Por volta de 1967, juntamente com Salim Miguel, procuramos Adolfo Bloch para publicar alguns quadros do Willy na MANCHETE, onde trabalhávamos. Cauteloso, Adolfo mandou ouvir seu crítico de arte, o temível Flávio de Aquino. Alguns dias depois tive a resposta através de José Valerim, responsável pela parte gráfica (Adolfo tinha o saudável vício de, em obras de arte impressas em off-set, utilizar até seis cores para ficar mais próximo da qualidade do quadro, onde o pintor cria incontáveis nuances).
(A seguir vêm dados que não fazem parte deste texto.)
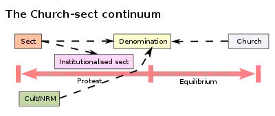 A diagram of the church-sect typology continuum including church, denomination, sect, cult, new religious movement, and institutionalized sect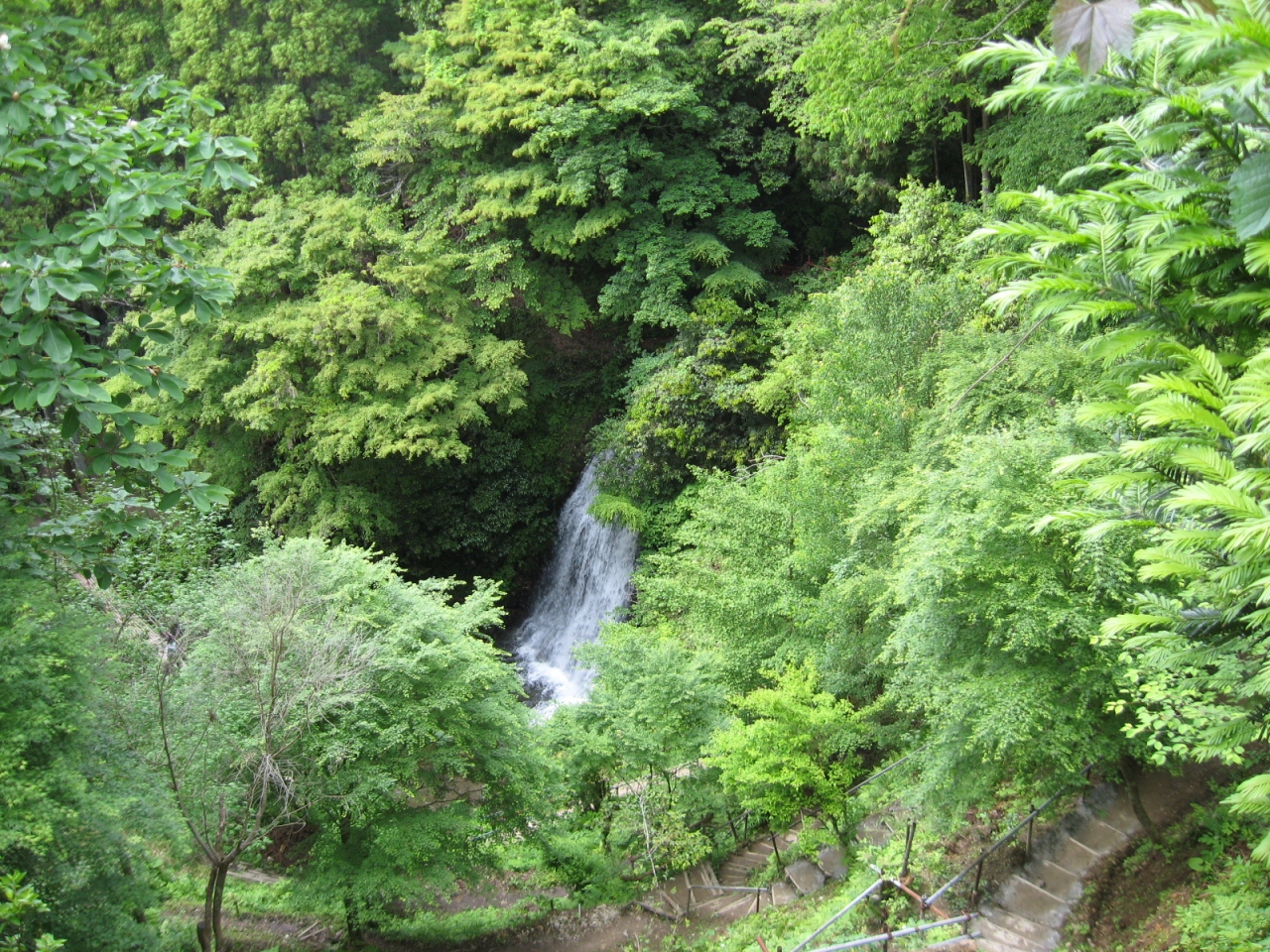 粟又の滝めぐりを始めて、最初に見えたのが、話に聞いた「幻の滝」でした。聞くところによれば、この地を初めて見て気に入って、滝の整備を行ない、今の姿になったということです。自然の景観をそのまま残して、滝の全体像が見られます。感動的でした

Flávio de Aquino definiu Zumblick como “um grande retratista”, mas afirmou que a Manchete temia publicar reportagem de um único pintor catarinense com preterição de outros,, pois tal precedente podia gerar insuportável fila de pedidos, quando a finalidade maior da revista era o retrato em cores das notícias que foram manchetes na semana. Talvez se referisse àqueles mesmos artistas plásticos que formavam tremenda confraria, que tentou, inclusive grotescamente, interromper a mostra individual de Zumblick, no Palácio Cruz e Sousa. Nunca revelei isso ao Zumblick, pois a qualificação de “retratista”, apesar do qualificativo “ótimo”, me parecia uma capitis diminutio, uma classificação menor. Lembrando o grande escultor florentino Michelangelo, que se recusava a pintar, mas acabou criando uma obra eterna como teto da Capela Sistina, Zumblick nos legou extensa produção retratista que só agora, apreciando a sequência de retratos aqui selecionados, descubro a alta qualidade de retratista do “Pintor das Bandeiras” que Aquino percebera há mais de 30 anos. Não o “retratista” como então entendi, aquele pintor contratado por abastados para fixar no linho grosso da tela o rosto da filha debutante. Talvez mais perto daquele tal Leonardo, nascido em Vinci, com o desafiador sorriso enigmático de sua Mona Lisa que, realmente, não era a esposa de Franceso Del Giocondo, mas apenas uma doméstica. Nesse caso, o sorriso não seria mais do que um deboche da burguesia de Florença.
Em Zumblick, temos que ir muito além do retrato - perscrutar o sentimento do artista que tenta sempre ser entendido. Ao ver os quadros deste capítulo, procure a razão da angústia, da culpa, dor, ternura, amor, raiva, desgosto, agonia, amargura, ansiedade, consternação, desgosto, aflição, em cada quadro. E se conseguíssemos raspar as camadas de tinta, quem sabe encontraríamos outros sentimentos, dos quais o artista se arrependeu - o “pentimento” de que nos falava Lillian Hellman (À medida que o tempo passa a tinta velha, em uma tela, muitas vezes se torna transparente. Quando isso acontece, é possível ver em alguns quadros as linhas originais: através de um vestido de mulher surge uma árvore, uma criança dá lugar a um cachorro e um grande barco não está mais em mar aberto. Isso se chama pentimento porque o pintor se arrependeu, mudou de ideia. Talvez se pudesse dizer que a antiga concepção, substituída por uma imagem ulterior, é uma forma de ver, e ver de novo, mais tarde). Por isso, meu amigo, não me pergunte para quem olham os retratados de Zumblick: seus olhares vão muito além de seus retratos. A não ser que o artista esteja zombando de nós.